Dışişleri Bakanı’nın Erbil seferi

Dr. Mustafa AŞULA / Em. Büyükelçi

YAYINLAMA
GÜNCELLEME

19 Temmuz'da  hükümetin yaşadığı yol kazası nedeniyle 'Açılım' içeride şimdilik rölantide bekletilse dahi, dışarıdaki ayağının hareket halinde olduğunu görüyoruz. Dışişleri Bakanı Prof. Dr. A. Davutoğlu'nun beraberinde kalabalık bir heyetle Erbil'e yapmış olduğu  sefer bunu gösteriyor.

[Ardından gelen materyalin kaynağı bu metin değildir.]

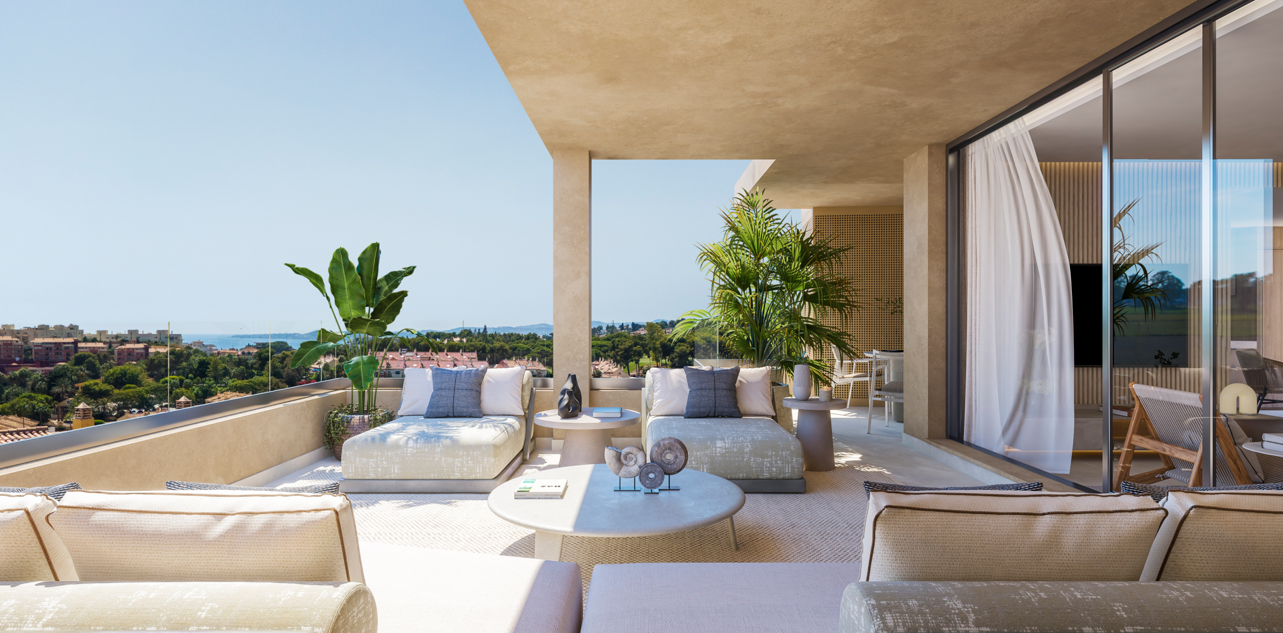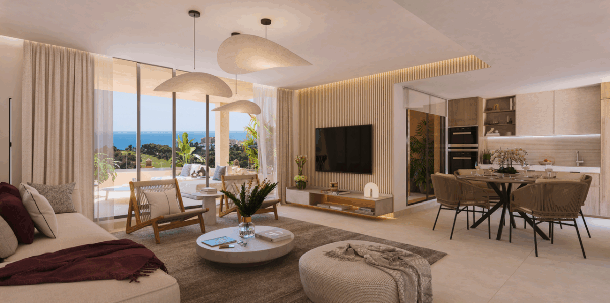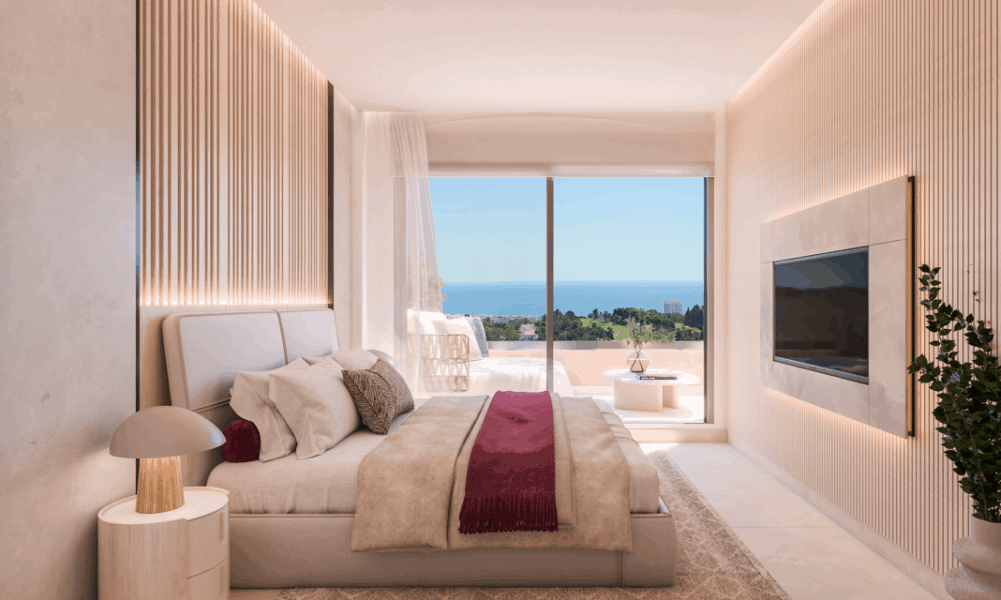 Des appartements au design élégant, où le luxe et la nature s’allient. De grandes fenêtres laissent entrer la lumière naturelle dans chaque pièce, tandis que des espaces ouverts mènent à des terrasses spectaculaires avec des vues infinies sur le golf de Torrequebrada et la Méditerranée.

Kürt Açılımı'ndan memnun olduğunu saklamayan  Irak Kürdistan Bölgesel Yönetimi (IKBY), durup dururken, Dışişleri Bakanı'nın bu ziyaretini, her şeyden önce  çok önemli siyasi bir kazanç olarak kendi jurnallerine kaydetmişlerdir. Onlara göre, içerideki 'açılımın' başarısı dışarıdaki Kürt antitezini yakından ilgilendiriyor, bu yolla en azından ayrı coğrafyalara dağılmış olsa da, Kürtlük bir bütün olarak kabul görmüş oluyor.

Sayın Davutoğlu her attığı adımın arkasında açık veya kapalı derin bir strateji yattığını söylüyor. Erbil seferindeki stratejinin de, bölgede PKK'nın bertaraf edilmesinde Kürtler'in yardımlarını temin etmeye yönelik olacağı varsayılsa bile, hem 90'lı yılların başlarında bu yolda  yaşanan deneyimler ortada ve hem de,  sonucu Kürtler'in şimdi nasıl yorumladıkları daha önemli. Böylece Dimyata pirince giderken evdeki bulgurdan olduğumuzun acaba farkında mıyız?

Bu ziyaretin ikinci kayda değer sonucu ise, kanımca, yıllardır politikadaki 'kırmızı' renkteki bir çizginin iyice kaybolup gitmesidir. Bölgedeki Kürt yönetimi, bizce gizli ve saklı olmayan nihai hedefe giden yolda her adım attığında karşısında Türkiye'nin caydırıcılığını görüp, ona göre iki kere düşünmekte  veya en azından olup biteni tevile kalkışmakta idi. Şimdi Sayın Dışişleri Bakanı bölgeye gitmekle, Amerika'da Texas'a gitmek arasında fark olmadığını söylüyor ve Amerikan Anayasası ile Kürtler'in Irakta öteden beri oyarak  kendilerine yonttukları Irak Anayasası'nı bir tutuyor. Dışişleri Bakanımız bunu  meşhur 'sıfır sorun' adına yapıyorsa, son Ermenistan misalinde olduğu gibi, mevcut  sağlam çivileri bir bir gevşetiyorsa, bu gazasına mubarek olsun diyemeyeceğiz.

Bakana refakat eden bazı basın mensupları, Erbil ve çevresindeki  kalkınmadan  ve Türkiye'nin bu pastadan daha çok pay almasının tam zamanı olduğundan bahsediyorlar.

Kuzey Irak'taki Kürt yönetimini siyasi ve iktisadi bakımdan etkimiz altına alalım diye hayal kuran bu zevatın unuttuğu çok önemli bir nokta var;  Türk özel  sektörüne bölgede daha çok iş ve taahhüt vermek suretiyle, Türkiye ile önce iktisadi ve daha sonra da siyasi bağımlılık yaratmak, Kürt yönetiminin öteden beri izlediği bir siyasettir. Buna bile bile lades demenin sonuçları ne olur, hiç düşünüldü mü? Kaldı ki, Kürt bölgesi  bir devlet olmadığına göre,  buralarda girişilen taahhütlerin geçerliliği nedir? En basitinden, yapılan işlere ait istihkakın ödenmemesi veya taahhüt mukavelelerinin keyfi olarak iptal edilmeleri hallerinde başvurulacak merciler belli midir? Uluslararası tahkim uygulamasının gerekleri aranabilir mi? İlk nazarda hatıra gelen bu olasılıkların ve benzerlerinin tümü açık gözüküyor. 

Dış politikada da, betimlendiği gibi, tabuları yıkayım derken, önümüzdeki dere ve hendekleri görmezden gelebilir miyiz?